Re: Feature query - molecular fingerprints and library diversity [message #952 is a reply to message #951] |
Mon, 15 June 2020 21:26 |
thomas
Messages: 715 Registered: June 2014
|
Senior Member |
|
|
I am not sure, whether I correctly understand your questions. Is it the following?
1) How many distinct descriptors do we have within a given compound library?
The topological descriptors in DataWarrior are comprised of 512 or even 1024 fragments or hash codes derived from fragments. Therefore, different structures usually have different combinations of contained fragments and, therefore, different descriptors. Except for very rare cases the number of different compounds is equal to the number of different descriptors. By creating a list of duplicate structures or removing duplicate structures you can easily determine the number of distinct structures, which usually is the number of distinct descriptors. You may use a trick make the encoded descriptor visible and to directly remove rows with duplicate descriptors: open the dwar file in a text editor and remove the four column property lines of a descriptor column, which look like this:
<columnName="FragFp">
<columnProperty="parent Structure">
<columnProperty="specialType FragFp">
<columnProperty="version 1.2.1">
After removing these lines, DataWarrior does not know anymore that the column contains descriptors that are associated to the chemical structure. Instead it shows the text encoded descriptors in a visible column, which you can use to remove duplicates.

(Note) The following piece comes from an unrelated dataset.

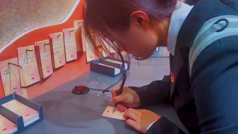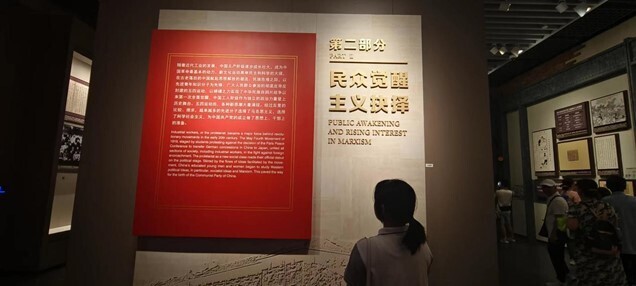 实践团第一站前往中共一大纪念馆,在纪念馆学习期间,实践团的成员在讲解员的引领下,走入了“中共一大”召开那段峥嵘岁月,馆内以“初心使命”为主线,共分为序厅、“前赴后继、救亡图存”“民众觉醒、主义抉择”“早期组织、星火初燃”“开天辟地、东方日出”和尾厅7个板块,综合采用多种展示手段,全面系统地展示了中国共产党的诞生历程。实践团成员还在留言墙上写下了“请党放心、强国有我”等展现现代学子家国情怀的铮铮誓言。参观过程中,实践团成员纷纷表示,重温建党岁月是现代学子的必修课。希望借此社会实践活动,了解更多有关建党之初的历史故事、历史背景,只有这样才能更好地传承红色基因,赓续红色血脉,守好红色江山。

It depends on the descriptor, whether some very similar structures actually end up with the same descriptor. The simple descriptors do not use stereo-chemistry. Therefore, different stereo isomers indeed have the same descriptor. The SkeletonSpheres descriptor does not have these issues and you will have a hard time finding two different molecules that have an identical SkeletonSpheres.
Or do you ask this?
1) How many of the 227787 fragments listed in the paper (or any other fragment collection) are a substructure of at least one compound of a given compound collection?
2) Create a list of fragments found in a given molecule including the count?
Both cannot be done with DataWarrior. But with a little Java programming using the open-source framework OpenChemLib that wouldn't be a big undertaking.
Please le tme know, if I misinterpreted your question.
Thomas
|
|
|